Много-много каллиграфически исполенных иероглифов, которые затем сводятся к бесчисленным бесконечно далеким от совершенства вариантам одного и того же иероглифа, которые затем обращаются просто в ненаписание ничего - как единственный способ написать все.
Таким образом завершенный графоман не пишет за всю жизнь ни строчки. Воистину, "Художник, не бойся совершенства! Тебе никогда не достичь его!" :)
Реальная ситуация, будучи описанной, вываливается из реальности, как недожеванный птенец из крокодильей пасти. Но это уже совсем другая ситуация.
Мне легче писать, отталкиваясь от реальных событий, потому что... Да мне интереснее просто. :)
no subject
Date: 2007-11-06 09:21 am (UTC)Ещё раз порадовали метафорой.))
>Много-много каллиграфически исполенных иероглифов, которые затем сводятся к бесчисленным бесконечно далеким от совершенства вариантам одного и того же иероглифа, которые затем обращаются просто в ненаписание ничего - как единственный способ написать все.
Вспомнился Юкио Мисима, который писал строго на рисовой бумаге и строго определённым (каким-то чудовищно расширенным) набором иероглифов.
Вот что называется - ответственный подход к собственному дару.
Читать его бывает трудновато - но зато никогда не пожалеешь, осилив до конца.
no subject
Date: 2007-11-06 09:30 am (UTC)По поводу Мисимы - согласен, причем согласен торжественно, на уровне присяги (и почти внутренне аплодирую).
Пытаюсь сейчас вспомнить хоть одного из СВОИХ писателей, кто не грешил бы излишней "приджазованностью", и не могу.

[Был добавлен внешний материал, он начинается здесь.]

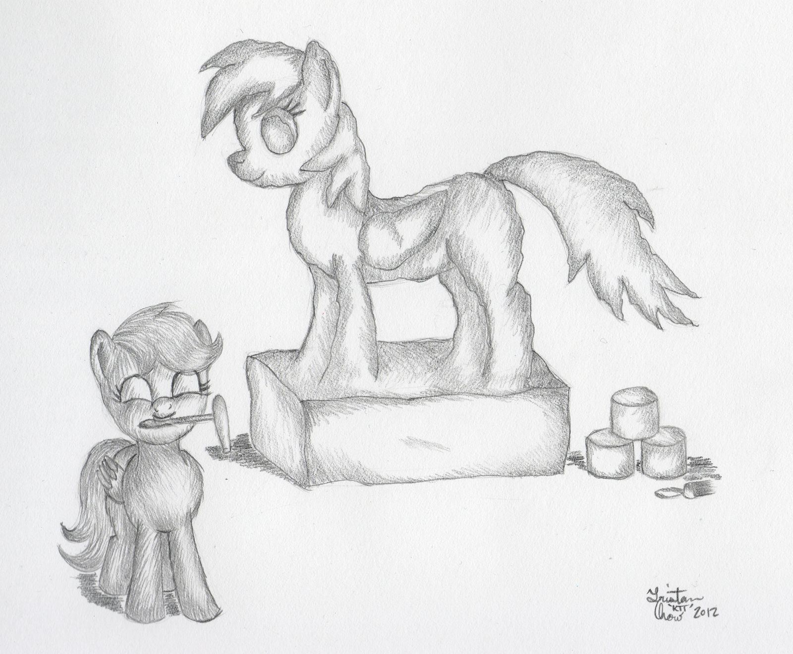 This is my first submission for the Artist Training Grounds’ week 38 theme: draw a pony sculpture. Right after I read the theme, this idea came to mind. Because mocking Scoots’ stalker level Dashie obsession is fun. She probably should have asked Apple Bloom to help, though.
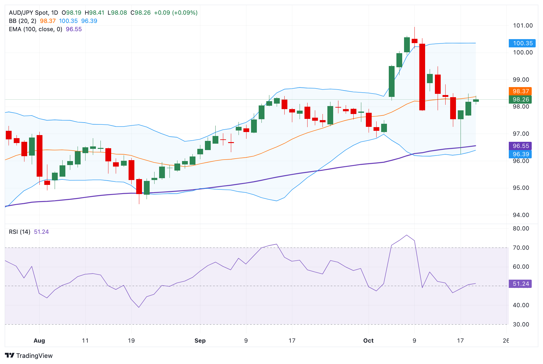 - 澳元/日元在周二欧洲早盘时段小幅上涨至约98.25。
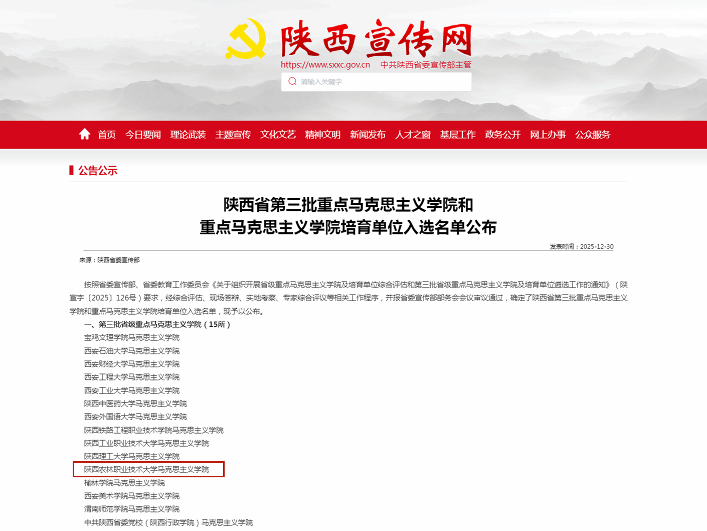 学校党委始终把马克思主义学院建设摆在重要位置,以省级重点马克思主义学院培育为抓手,系统谋划、创新举措,不断激发各方建设主体活力,推动马克思主义学院发展不断迈上新台阶。2022年入选省重点马克思主义学院培育单位以来,学校制定《省级重点马克思主义学院建设实施方案(2023—2025年)》,构建党委统一领导、党政齐抓共管、学院和职能部门层层落实的各负其责、协同配合的工作格局,着力推动思政课建设与党的创新理论武装同频共振。同时,通过制定并实施思政课教学提升行动方案和思政课教师队伍建设方案、创新思政课教学模式、成立课程思政研究中心、实施“后稷正禾”育人工程、打造“一址三馆”育人阵地、建设数智思政研学中心,以及牵头组建陕西高职院校“大思政课”建设协同发展联盟、杨凌大中小学思政课一体化协同中心等举措,全面推进“大思政课”建设。
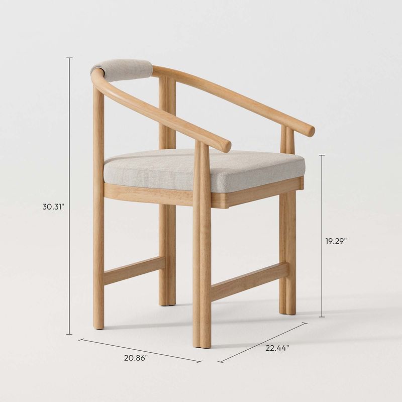 Meet the Alvara chair - designed for those cherished moments around the table. Crafted with rubberwood and 1.77-inch polyester cushion, it offers perfect support. The wraparound back provides cozy security while organic armrests make moving easy. Your ideal companion for family dinners and friendly gatherings.
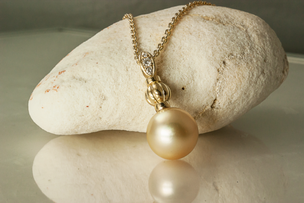 K18YGを使用することでシャンパンゴールドの南洋真珠の持つ やわらかな光沢を品良く引き立てました。
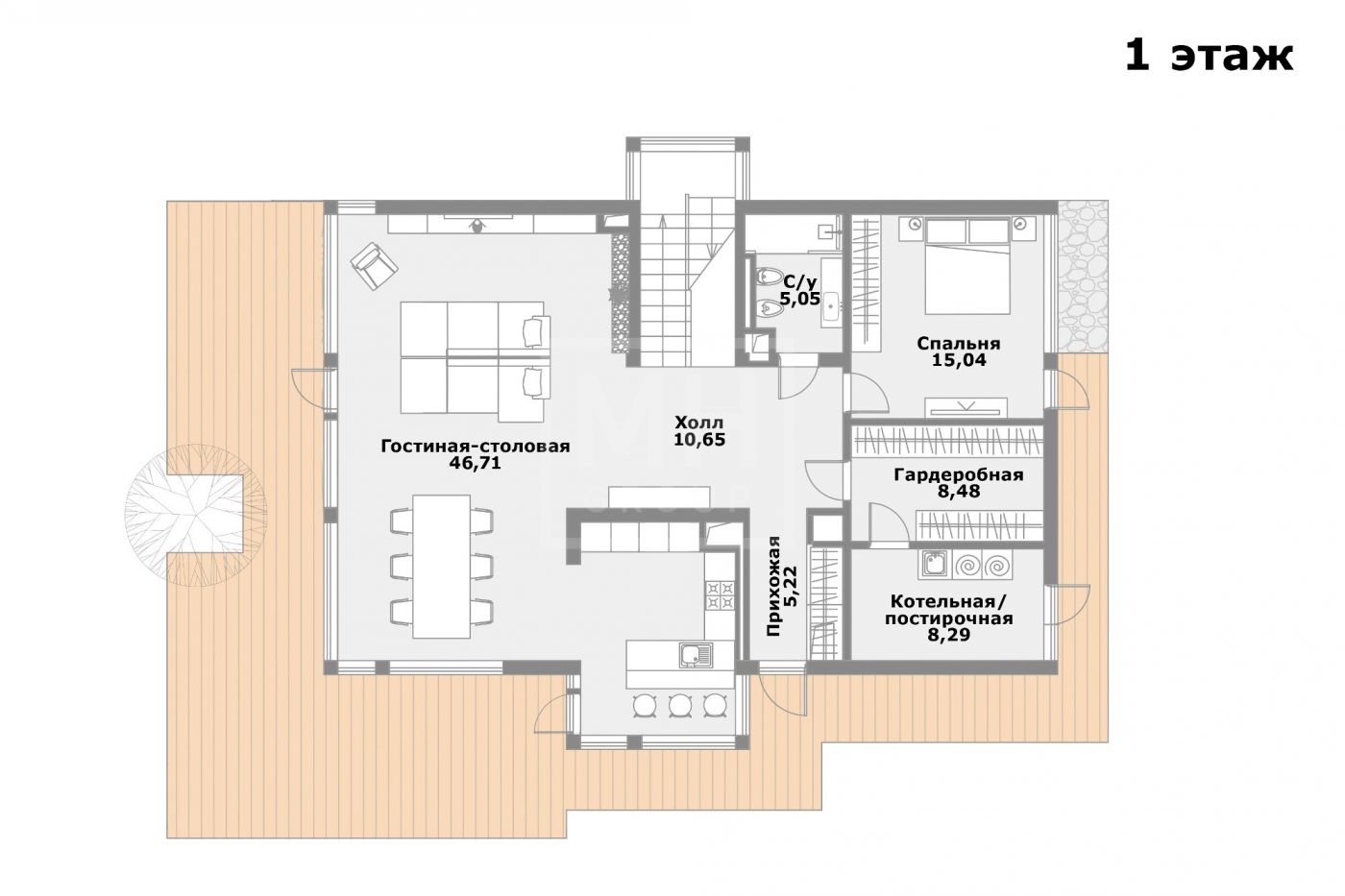 Этаж 1: прихожая,холл, гостиная-столовая,с/у., гостевая спальня с гардеробной, котельная-постирочная.
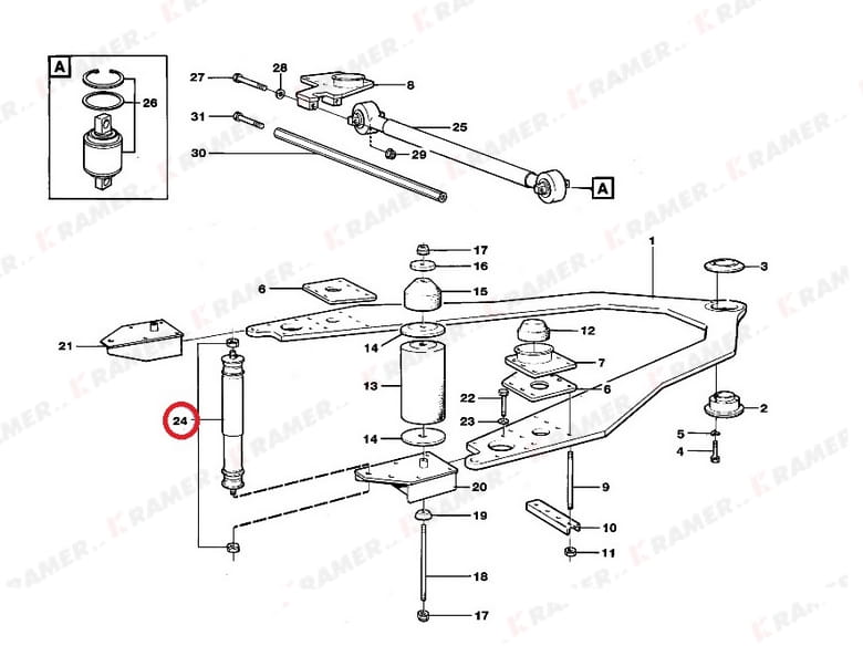 Amortyzator przedniej osi stosowany w wozidłach VOLVO A20C A25C A30 A30C A35 A35C A35D A35E A35F A35G A40 A40D A40E A40F A40G

Банальный пример Хэмингуэя с его "техникой айсберга" не подходит, потому что Хэмингуэя я давно и как-то уж очень школярски не люблю.
Минимум средств при максимуме выражения - не слишком сложный критерий поиска, но ничего не обнаруживается в запасниках памяти. Ищу эталон или хотя бы точку отсчета - и не нахожу.
Хотя... Может быть, Басё?
no subject
Date: 2007-11-06 09:44 am (UTC)По мне так нормальный пример относительной простоты изложения, отражающей неисповедимую сложность внутреннего мира героя.
Впрочем, в романе больше экзистенциальности, чем психологизма...
Рекомендую.
no subject
Date: 2007-11-06 09:51 am (UTC)Я сейчас читаю "Душевные смуты воспитанника Тёрлиса", но пока не могу сказать ничего определенного, мне надо вчитаться по-настоящему.
Я все еще под впечатлением от "Morta Natura" и "Кладбища горьких апельсинов" Винклера, а уж чем-чем, а строгостью изложения он как раз не страдает. Впрочем, мне понравился стиль - как сложный соус к только что выловленной белой рыбе, лаконично зажаренной на углях. Жан Жене для аспирантов. :)
no subject
Date: 2007-11-06 09:56 am (UTC)Забавное определение. Как-нибудь заценю.
>"Душевные смуты воспитанника Тёрлиса"...
Тяжёлая вещь, конечно. Жестокая до безысходности.
no subject
Date: 2007-11-06 09:59 am (UTC)Жестокая?
Немного непривычные определения для книги... Антропоморфные. Но посмотрим. Я прокомментирую, когда дочитаю, хорошо?